ITEM 2. MANAGEMENT'S DISCUSSION AND ANALYSIS OF FINANCIAL
        CONDITION AND RESULTS OF OPERATIONS

        LIQUIDITY AND CAPITAL RESOURCES

        The Partnership's primary sources of funds include interest income on
        money market accounts and certificates of deposit and distributions from
        limited partnerships in which the Partnership has invested. It is not
        expected that any of the local limited partnerships in which the
        Partnership has invested will generate cash flow sufficient to provide
        for distributions to the Partnership's limited partners in any material
        amount. The Partnership made a distribution to the investors in March
        1999, which included using proceeds from disposition of its investments
        in certain limited partnerships.

        RESULTS OF OPERATIONS

        Partnership revenues consist primarily of interest income earned on
        certificates of deposit and other temporary investment of funds. The
        Partnership also receives distributions from the lower-tier limited
        partnerships in which it has invested.

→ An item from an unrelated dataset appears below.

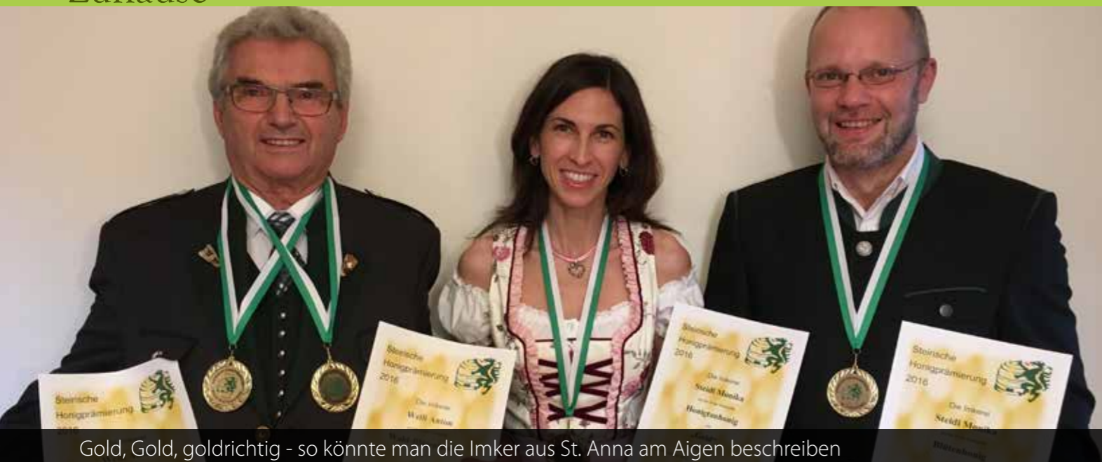
Gold, Gold, goldrichtig - so könnte man die Imker aus St. Anna am Aigen beschreiben

        Distributions received from limited partnerships are recognized as
        return of capital until the investment balance has been reduced to zero
        or to a negative amount equal to future capital contributions required.
        Subsequent distributions received are recognized as income.

        Except for certificates of deposit and money market funds, the
        Partnership's investments consist entirely of interests in other limited
        partnerships owning government assisted housing projects. Available cash
        is invested to provide interest income as reflected in the statements of
        operations. These funds can be converted to cash to meet obligations as
        they arise. The Partnership intends to continue investing available
        funds in this manner.

        A recurring partnership expense is the annual management fee. The fee is
        payable to the General Partners of the Partnership and is calculated at
        .5 percent of the Partnership's invested assets. The management fee is
        paid to the General Partners for their continuing management of
        partnership affairs. The fee is payable beginning with the month
        following the Partnership's initial investment in a local limited
        partnership. Management fees were $195,000 and $312,732 for the nine
        months ended September 30, 2000 and 1999, respectively. The fees have
        decreased due to the sale of partnership interests in 1998, which
        reduced the invested assets.



                                       12
<PAGE>   15

                            HOUSING PROGRAMS LIMITED
                       (A CALIFORNIA LIMITED PARTNERSHIP)

                               SEPTEMBER 30, 2000


ITEM 2. MANAGEMENT'S DISCUSSION AND ANALYSIS OF FINANCIAL
        CONDITION AND RESULTS OF OPERATIONS (CONTINUED)

        RESULTS OF OPERATIONS (CONTINUED)

        The Partnership is obligated on non-recourse notes payable of $4,600,000
        at September 30, 2000 and December 31, 1999, which bear interest at 9.5
        percent per annum and mature on December 31, 1999. The Partnership was
        relieved of notes payable in the amount of $4,069,743 in connection with
        the sale of the partnership interests to Casden Properties Inc. The
        notes and related interest are payable from cash flow generated from
        operations of the related rental properties as defined in the notes.
        These obligations are collateralized by the Partnership's investments in
        the limited partnerships. Unpaid interest is due at maturity of the
        notes.

        Operating expenses, other than management fees and interest expense,
        consist of legal and accounting fees for services rendered to the
        Partnership and administrative expenses. Legal and accounting fees were
        $72,724 and $81,020 for the nine months ended September 30, 2000 and
        1999, respectively. General and administrative expenses were $54,967 and
        $70,314 for the nine months ended September 30, 2000 and 1999,
        respectively.

        The Partnership accounts for its investments in the local limited
        partnerships on the equity method, thereby adjusting its investment
        balance by its proportionate share of the income or loss of the local
        limited partnerships. Losses incurred after the limited partnership
        investment account is reduced to zero are not recognized.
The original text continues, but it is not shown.